If you want to know more about Music & Copyright then follow the below links.

Music & Copyright is published by Ovum.

New issue of Music & Copyright with Germany country report

The latest issue of Music & Copyright is now available for subscribers to download. Here are some of the highlights.

ASCAP collections top $1bn for the second consecutive year
US performing rights organization ASCAP has reported a new record for royalty collections with revenue exceeding $1bn for the second year running. The growth came solely from domestic collections with all the major revenue sources recording an increase. Overseas collections were down with distributions to ASCAP members also suffering a decline. ASCAP’s operating expense ratio edged down while the number of performances tracked, matched, and processed for payment rose sharply. Last year ASCAP became the first performing rights organization (PRO) in the US to provide share ownership information in its publicly available online database for the 10 million–plus musical compositions in its repertory.

PRS for Music reports record year for performance royalties
UK authors’ society PRS for Music has reported a record year for performance royalty collections with all the main income sources registering a year-on-year rise. International royalties, the authors’ society’s biggest income source, returned to growth after a dip in 2014 with collections boosted by a number of exceptional payments, cable settlements, and higher broadcasting revenue. Distributions were also up last year compared with 2014 along with net distributable income. However, costs rose sharply, largely because of certain exceptional costs and one-off expenses associated with litigation and planned investments. As a result, the cost-to-income ratio increased year on year.
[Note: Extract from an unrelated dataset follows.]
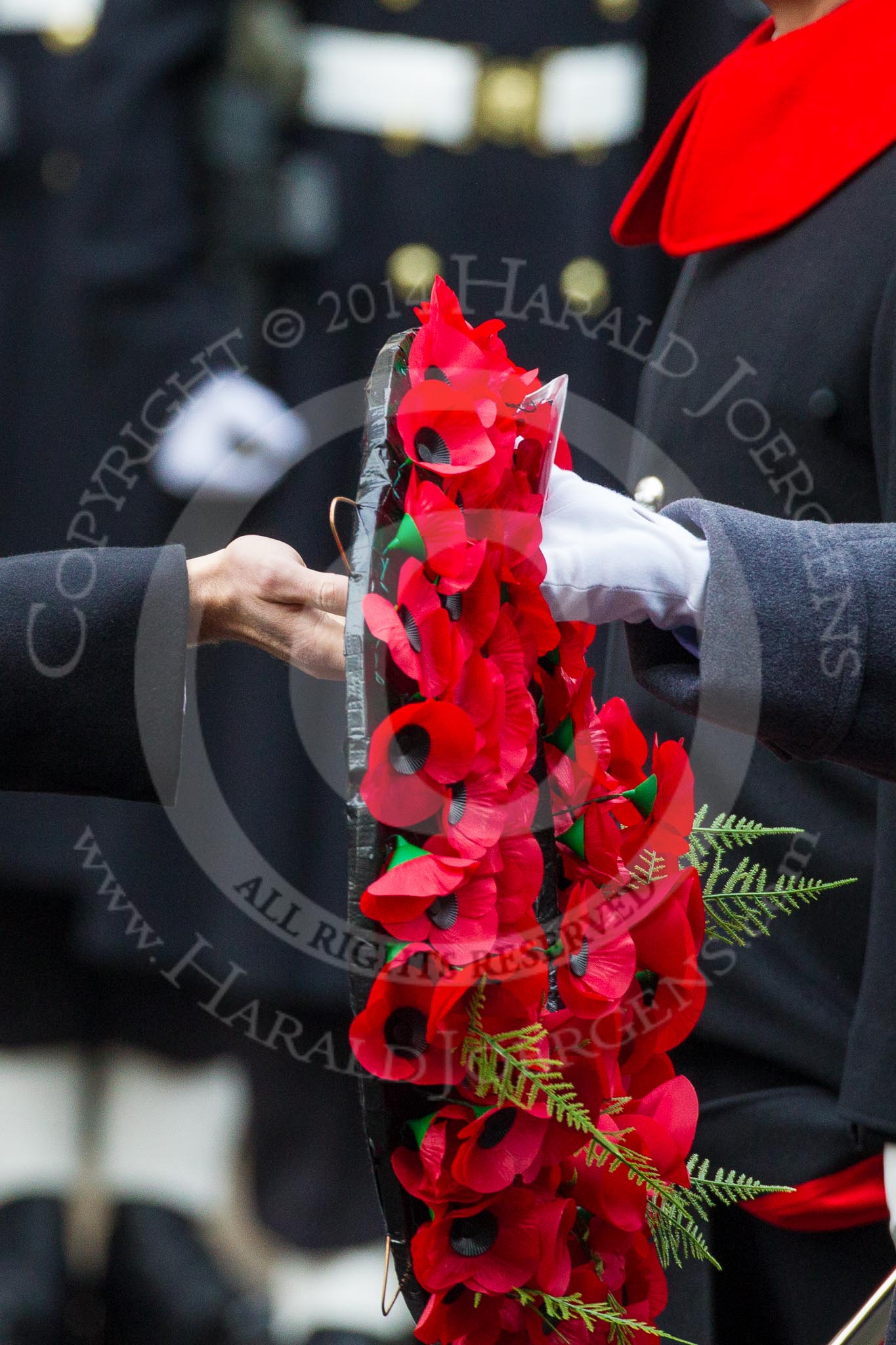 Remembrance Sunday at the Cenotaph in London 2014: Major Richard Morgan, equerry to HRH The Earl of Wessex, handing over the wreath.

Big quarter for WMG as streaming takes the recorded music lead
WMG has reported details of the second quarter of its current financial year ending September 2016. Revenue in the January to March period was up at both current and constant exchange rates compared with the first three months of 2015. Notably, revenue from streaming has overtaken that of physical formats to become the biggest source of income for recorded music. Revenue from artist services and expanded rights also increased along with digital and synchronization earnings for the publishing division Warner Chappell. WMG noted that the fall in recorded music licensing earnings was mostly down to the impact of a large initial distribution of PLG neighboring rights income in the second quarter of the previous financial year.

Germany country report
In addition to the usual set of music industry statistics and news briefs, the latest issue of Music & Copyright includes a detailed Germany music industry profile. Retail sales of recorded music in Germany are on something of a roll at the moment. Trade association BVMI reported a third consecutive year of growth in January thanks to a big jump in revenue from subscriptions and streaming fully offsetting the falls in spending on CD albums and music downloads. Although revenue from access services now accounts for the biggest share of digital music income, CD albums remain the most popular format for German consumers. Authors’ society GEMA has also registered three straight years of revenue growth with total collections last year just edging past the previous year’s record total. Germany’s live industry, the biggest in Europe, is in good shape. The setting up of a Live Nation office in the country has heightened competition in an already competitive sector.